## YOUR TASK
Your answer must be an exact copy of the listing, with the images left out.

## RAW DATA
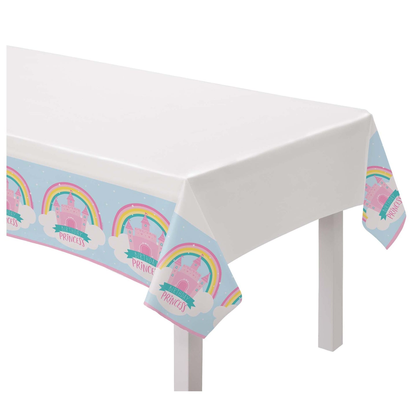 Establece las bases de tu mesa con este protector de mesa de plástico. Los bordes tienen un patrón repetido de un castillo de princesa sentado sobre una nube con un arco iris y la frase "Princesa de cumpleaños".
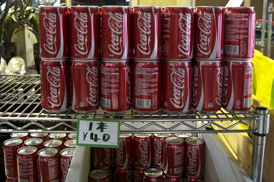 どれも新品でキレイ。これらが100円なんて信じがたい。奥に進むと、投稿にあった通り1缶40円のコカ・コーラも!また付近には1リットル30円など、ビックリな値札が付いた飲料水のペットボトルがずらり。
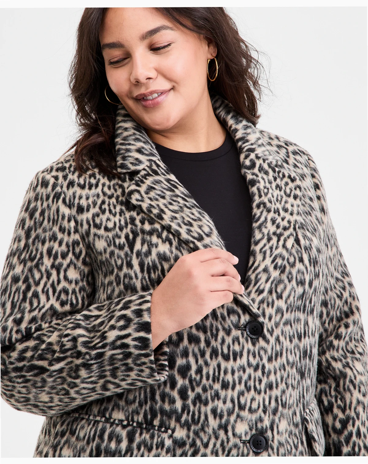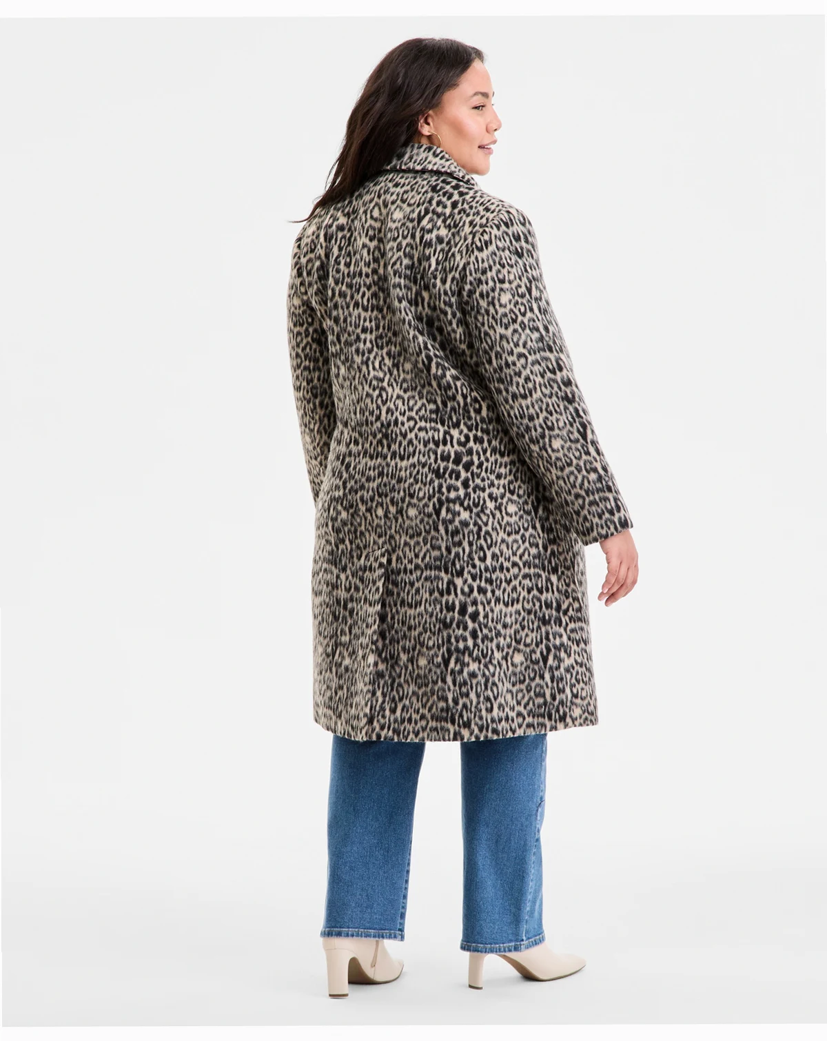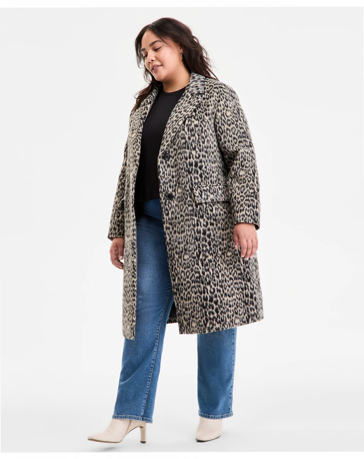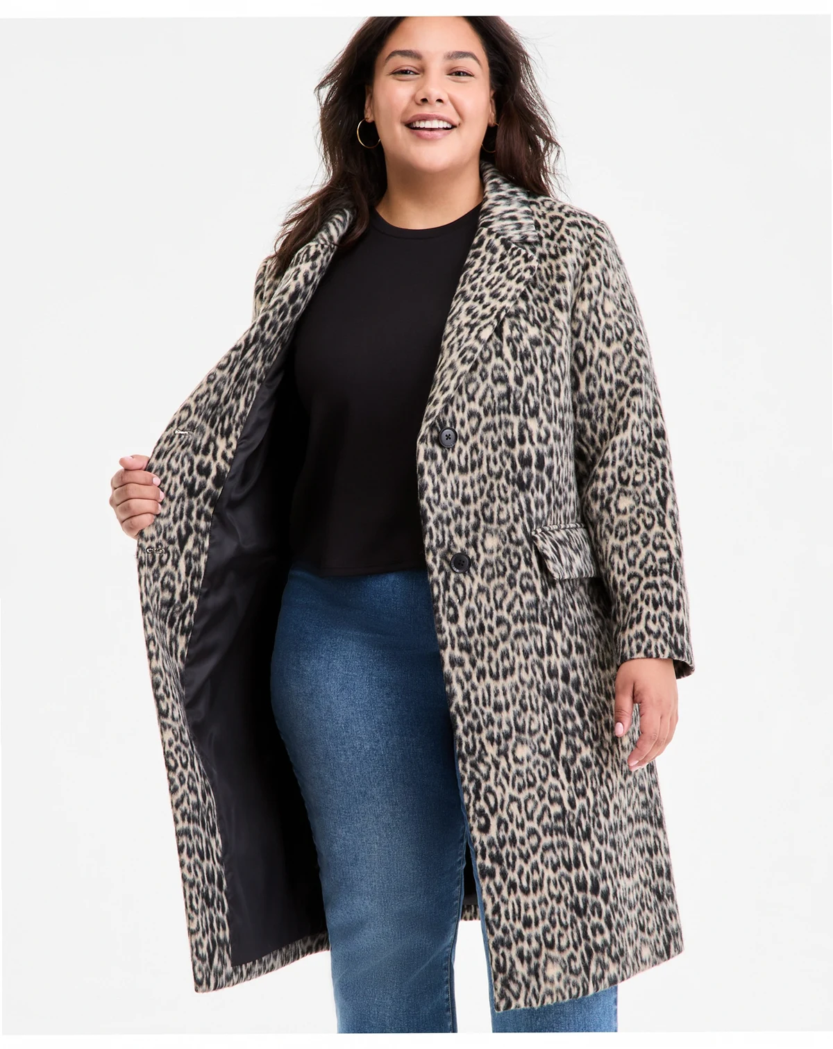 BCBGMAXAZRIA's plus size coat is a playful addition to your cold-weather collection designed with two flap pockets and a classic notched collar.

## YOUR RESPONSE
 Establece las bases de tu mesa con este protector de mesa de plástico. Los bordes tienen un patrón repetido de un castillo de princesa sentado sobre una nube con un arco iris y la frase "Princesa de cumpleaños".
 どれも新品でキレイ。これらが100円なんて信じがたい。奥に進むと、投稿にあった通り1缶40円のコカ・コーラも!また付近には1リットル30円など、ビックリな値札が付いた飲料水のペットボトルがずらり。
 BCBGMAXAZRIA's plus size coat is a playful addition to your cold-weather collection designed with two flap pockets and a classic notched collar.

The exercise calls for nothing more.